Onde vivemos hoje? Passamos de 2019 para 2020. Não estamos num mundo novo. Não se iludam. Estamos nos escombros saídos do velho. Como o futebol, com profusão de etnias, credos e costumes.
Os jogadores voltaram a pisar a relva sem cheirar o balneário. Nem antes, nem depois. A academia do Sporting foi a primeira a abrir um frincha da porta para deixar passar alguns. Cada um traz o equipamento de casa. O que quiserem. E depois, num relvado inteiro dividido em dois, cada um tem meio-campo para treinar.
2 No filme de culto que citei, tenta-se evitar o colapso dos humanos criando outros artificiais, os chamados "replicantes". Ninguém os consegue, depois, distinguir dos verdadeiros. E alguns fogem. Quando, na nossa realidade, esta espécie de "jogadores blade-runner" se aproximam, têm de... recuar. As regras sanitárias impõem uma distância social-futebolística de 10 metros medidos por uma imaginária fita métrica na cabeça de cada um. De repente, chega-lhes uma bola e é como "se nascessem outra vez". É um pedaço de futebol. Acuña mostra a sua garra a correr sozinho. Veste os calções da seleção da Argentina. Vê-se bem o emblema. Rafael Camacho está por perto, à distância suficiente para lhe fazer um passe certo sem... risco, mas não pode ser. No fim, metem-se no carro e voltam, sozinhos, para casa. Fim de história. Ou, se calhar, início de uma história nunca antes contada.
3 Não creio que esta história acabe com "e viveram felizes para sempre". Em geral, as histórias acabam assim porque quem as inventa nem quer saber de mais nada. É o melhor a fazer, de facto. Porque, no futuro está o mistério, o "lugar estranho". Não sabemos quem irá lá morar. Por isso, todo este "regresso ao futuro" do futebol, jogador a jogador, é como um "VAR blade-runner". Ninguém toca. Por nove metros está "fora-de-jogo".

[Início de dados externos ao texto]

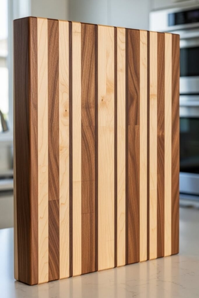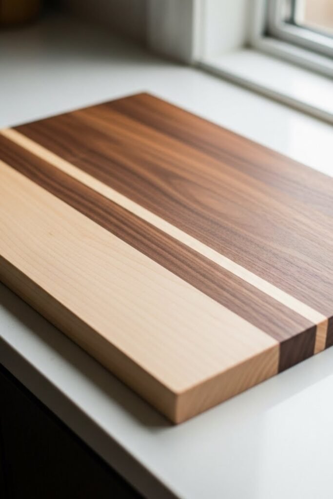 A two-tone cutting board uses two contrasting wood species joined side by side. Choose woods with clear color differences, like maple and walnut.

A primeira frase de "Blade Runner" passa-me pela cabeça: "Vi coisas que vocês, humanos, nem acreditariam". Eu diria, seguindo Ridley Scott, que nem por um dia ousariam sonhar. Estou a ficar estranhamente consciente que posso viver sem muita interação social. Também é perturbador. Poderá, neste tempo de silêncio, o futebol reencontrar-se outra vez? Não ouso sonhar.
Há outros mais gordos
Vamos, passo a passo e, em breve, passe a passe. As coisas voltarão à "normalidade anormal" de antigamente. Este vírus já existe há 300 milhões de anos. É filho de outros que já por aqui andaram (ou ainda andam). Já tivemos piores. Mais gordos. E sobrevivemos. Nós e o futebol. Este mundo já era demasiado velho quando eu era novo. Eu é que não sabia (e era feliz assim). Mas, preciso do futebol. Preciso dele para respirar, para viver, para sobreviver.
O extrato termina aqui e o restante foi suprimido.